When Teddy was a child , he was always thinking about some simple math problems ,such as “What it’s 1 cup of water plus 1 pile of dough ..” , “100 yuan buy 100 pig” .etc..

One day Teddy met a old man in his dream , in that dream the man whose name was“RuLai” gave Teddy a problem :

Given an N , can you calculate how many ways to write N as i * j + i + j (0 < i <= j) ?

Teddy found the answer when N was less than 10…but if N get bigger , he found it was too difficult for him to solve.

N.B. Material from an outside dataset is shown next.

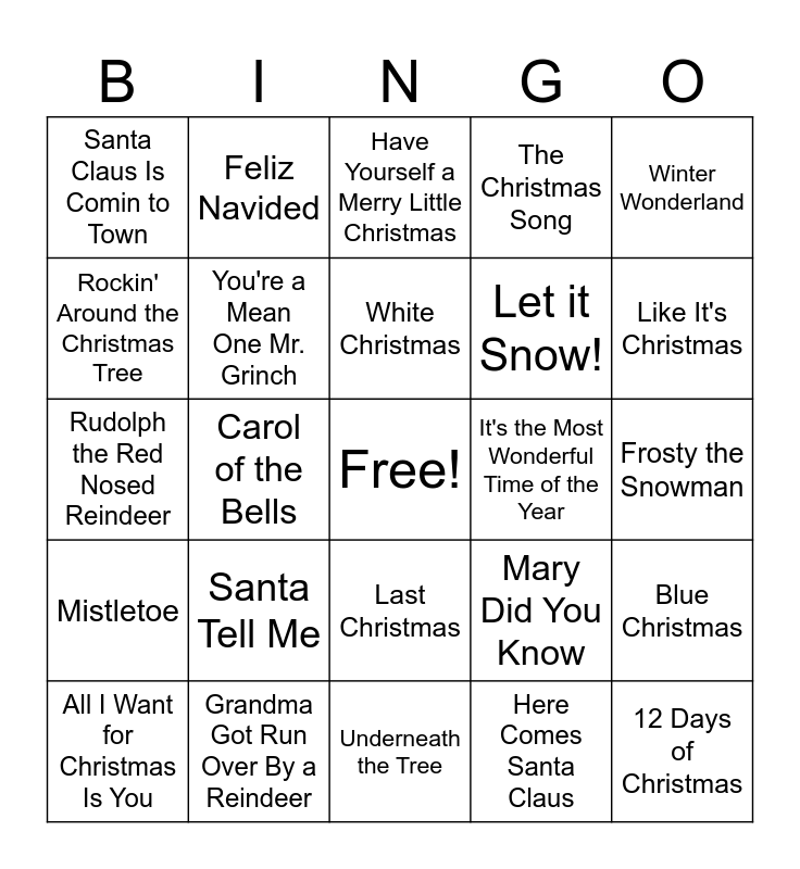 This bingo card has a free space and 24 words: Santa Tell Me, Grandma Got Run Over By a Reindeer, White Christmas, All I Want for Christmas Is You, Winter Wonderland, Santa Claus Is Comin to Town, Rockin' Around the Christmas Tree, Feliz Navided, It's the Most Wonderful Time of the Year, Last Christmas, Let it Snow!, Rudolph the Red Nosed Reindeer, Mary Did You Know, Blue Christmas, You're a Mean One Mr. Grinch, Here Comes Santa Claus, Frosty the Snowman, Have Yourself a Merry Little Christmas, Like It's Christmas, Carol of the Bells, 12 Days of Christmas, Mistletoe, The Christmas Song and Underneath the Tree.

Well , you clever ACMers ,could you help little Teddy to solve this problem and let him have a good dream ?

Input

The first line contain a T(T <= 2000) . followed by T lines ,each line contain an integer N (0<=N <= 10 ¹⁰).

Output

For each case, output the number of ways in one line.

Sample Input

2 1 3

Sample Output

0 1

思路：注意到 ( i +1 ) * ( j + 1 ) = i * j + i + j + 1= n + 1；而且这里的 n 比较大，只能跑一层循环（杭电上能过的题，去 nyoj 上就 TEL，也是服了）

#include<cstdio>
#include<cstring>
#include<cmath> 
#define LL long long
using namespace std;
LL n;
int main()
{
    int t;
    scanf("%d",&t);
    while(t--)
    {
        scanf("%lld",&n);
        int ans=0;
        for(LL i=2;i*i<=n+1;i++)
        {
            if((n+1)%i==0)
                ans++;
        }
        printf("%d\n",ans);
    }
    return 0;
}